Kyan Red-axe had died for this sword. Piper had died for it, too. Realgar’s men would have searched for the mage. They would have seen the cairn. I shouldn’t have built it, he thought. He shook his head. No, the Theiwar would have found Piper’s body sooner or later. By the carrion crows. Stanach shuddered.

Do what you have to do. It was the last thing Piper had said to him. I’m doing it, Stanach thought.

It was what he’d planned all along. Find Piper, take the sword, and get back to Hornfel. Now, by taking the sword, he would be leaving his companions to their deaths if the Theiwar caught up with them. Stanach looked down at Kelida. Her heart was so simple to read! He wondered when she would realize that she had fallen in love with the half-drunk ranger who had given her his sword.

When she knows that he’s dead, his mind’s voice whispered. She’ll know it when she finally knows that he’s dead.

Stanach looked at the Kingsword in his hands. He would happily have taken the sword that first night in Qualinesti. He would gladly have left her, Tyorl, and Lavim behind in the forest and made his own way to Thorbardin.

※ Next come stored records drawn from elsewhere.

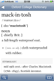 左上は macintosh で引いた結果から、別スペルとして紹介された Mackintosh をタップした画面。下線付きはリンク可能となってるようです。また同一単語で noun、adjective など複数ある場合にタップしてジャンプすることが出来ます。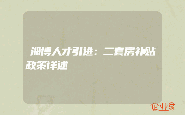 - 淄博人才引进:二套房补贴政策详述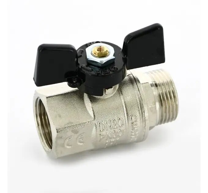 Кран шаровой резьб. 3/4", PN40, Bugatti OREGON 307, латунь, вн.р.- нар.р., с бабочкой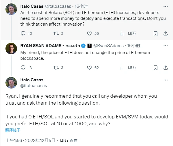 Ryan 认为大可以在各类 Layer 2 上进行开发,并表示“ETH 的价格不会改变以太坊区块空间的价格”;而 Italo 则反呛道,“你可以去问任何开发者,看看他们是更喜欢价格为 0 美元的 ETH/SOL 还是价格为 1000 美元的 ETH/SOL”。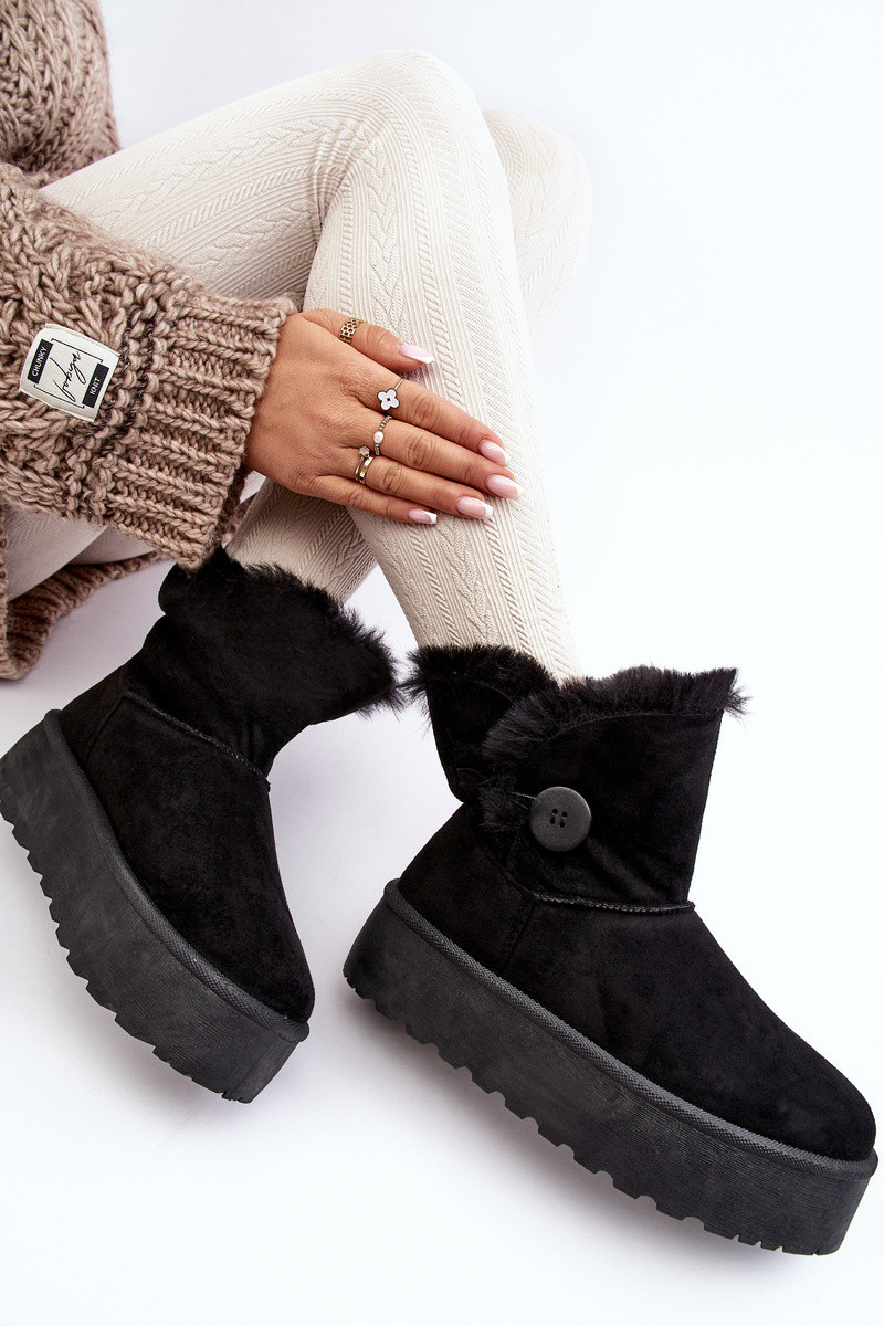 Sieviešu sniega zābaki ar platformu un kažokādu melnā krāsā INikasem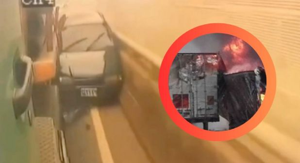 Este jueves, un conductor de un Toyota Tercel estuvo a punto de ser aplastado por un camión en una carretera de Nuevo Taipéi, Taiwán. El incidente ocurrió cuando el hombre, mientras circulaba entre la barandilla lateral y el carguero, no se dio cuenta de que el carril se estaba estrechando.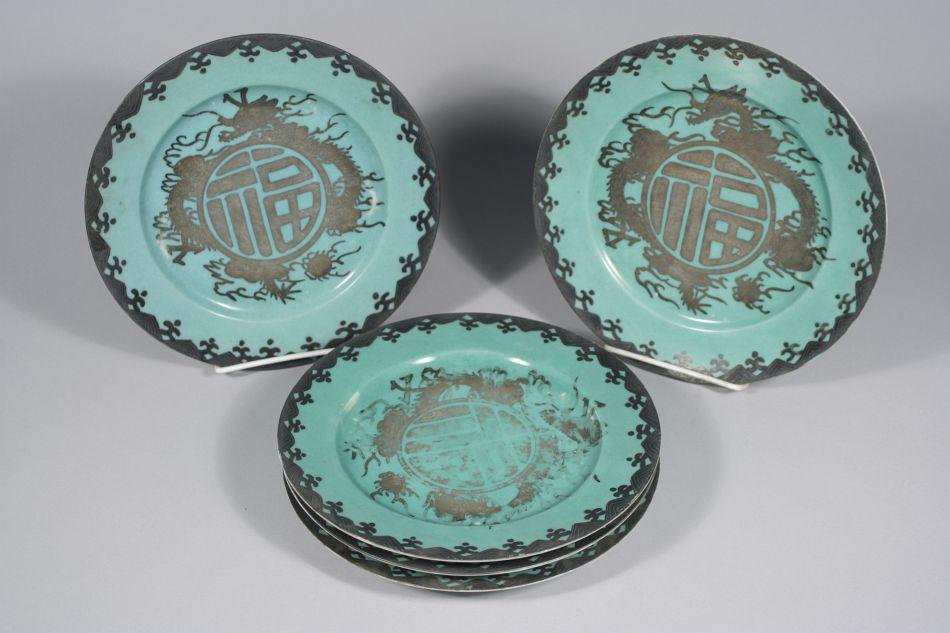 A Set of Five Japanese Porcelain and Silver Overlay Plates with Dragon Motif, Each Signed on Bottom.

Because he couldn’t do that, he did the next best thing: he’d given Kelida a reason to carry Stormblade to Thorbardin. He’d given her a dead man to love.

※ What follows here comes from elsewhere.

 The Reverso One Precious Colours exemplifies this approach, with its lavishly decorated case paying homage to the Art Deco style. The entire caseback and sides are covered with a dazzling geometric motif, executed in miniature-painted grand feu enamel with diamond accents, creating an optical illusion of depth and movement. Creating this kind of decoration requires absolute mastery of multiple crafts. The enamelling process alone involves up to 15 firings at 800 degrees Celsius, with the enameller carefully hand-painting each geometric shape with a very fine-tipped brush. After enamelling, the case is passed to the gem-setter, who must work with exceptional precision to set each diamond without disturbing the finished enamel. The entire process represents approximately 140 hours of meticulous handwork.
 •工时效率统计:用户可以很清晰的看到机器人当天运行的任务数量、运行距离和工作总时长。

I’m sorry, she’d said as he sat mourning for Piper. She’d stayed with him for a long time, her hand on his, warm and silently telling him that, for this moment at least, he was not alone. The comfort she offered had been as simple as a kinswoman’s, a sister’s silent understanding. Knowing that he ought to leave now, make off into the forest with the Kingsword and hope that he could buy time by leaving these three to the Theiwar, Stanach knelt and slipped Stormblade into the scabbard again.

Aye, Stanach thought, you understand, don’t you? You’ve lost kin and friends. You understand, lyt chwaer, little sister.

He tied the peace strings, two leather thongs on each side of the sheath, and silently rose to wake Tyorl.